- [Work required]: Each line below must be transcribed exactly, and no picture may appear in the transcription.

- [Data extract]:
#####
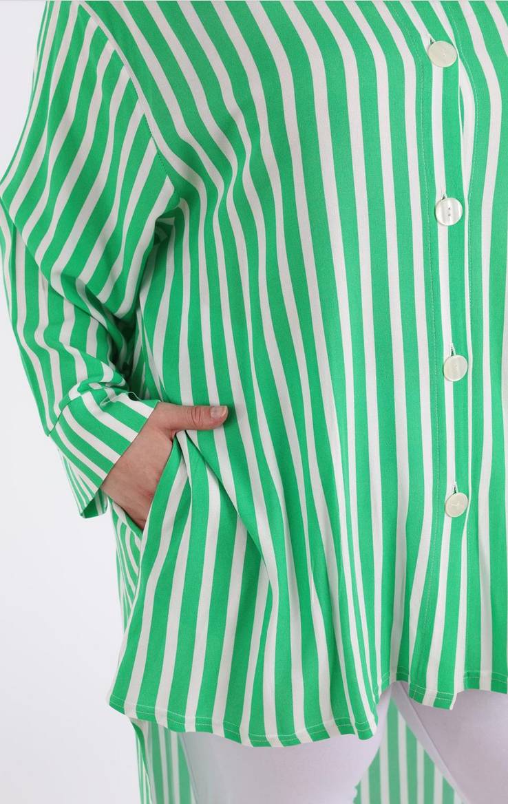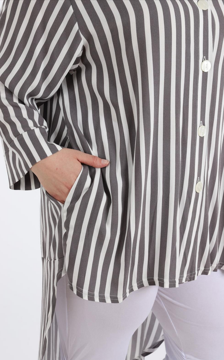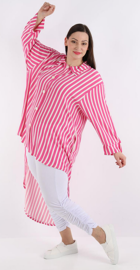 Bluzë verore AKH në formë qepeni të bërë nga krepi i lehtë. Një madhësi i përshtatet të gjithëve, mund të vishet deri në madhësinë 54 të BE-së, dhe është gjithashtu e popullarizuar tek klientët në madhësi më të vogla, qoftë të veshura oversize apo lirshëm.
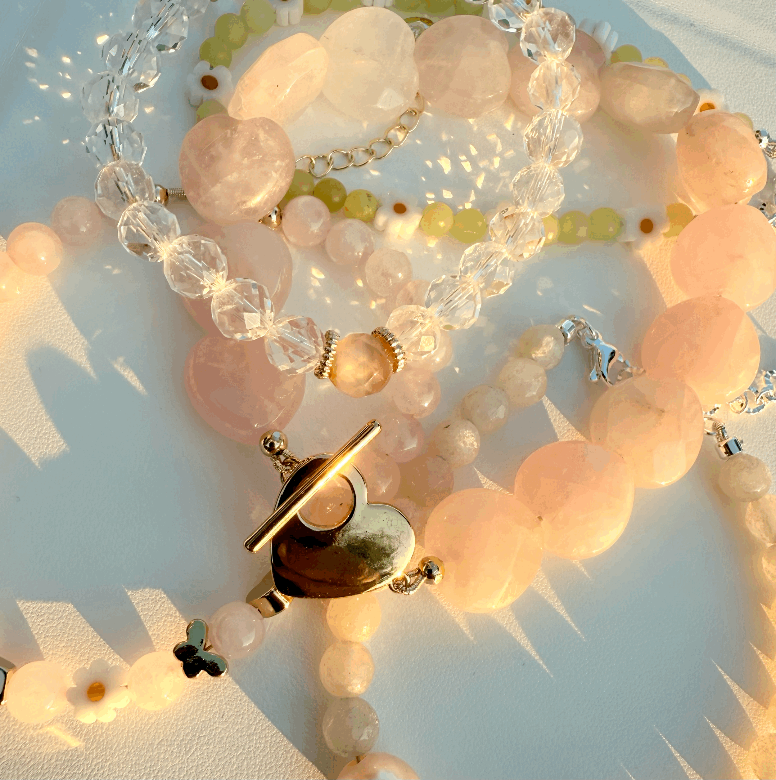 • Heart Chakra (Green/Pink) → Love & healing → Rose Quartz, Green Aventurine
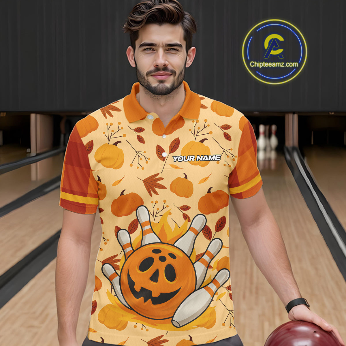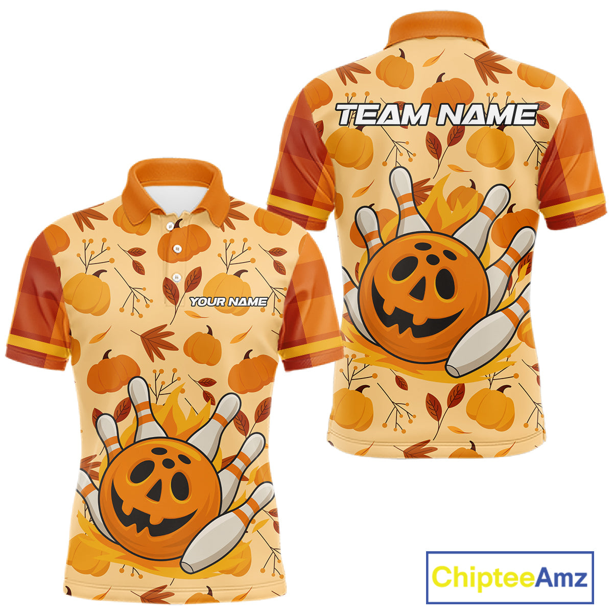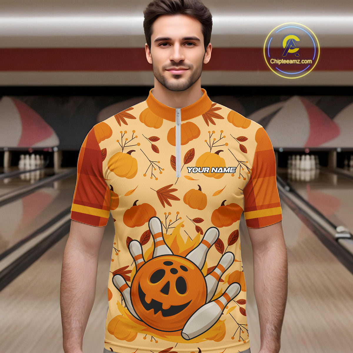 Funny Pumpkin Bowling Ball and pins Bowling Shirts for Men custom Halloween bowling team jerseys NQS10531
#####
- [Solution below]:
 Bluzë verore AKH në formë qepeni të bërë nga krepi i lehtë. Një madhësi i përshtatet të gjithëve, mund të vishet deri në madhësinë 54 të BE-së, dhe është gjithashtu e popullarizuar tek klientët në madhësi më të vogla, qoftë të veshura oversize apo lirshëm.
 • Heart Chakra (Green/Pink) → Love & healing → Rose Quartz, Green Aventurine
 Funny Pumpkin Bowling Ball and pins Bowling Shirts for Men custom Halloween bowling team jerseys NQS10531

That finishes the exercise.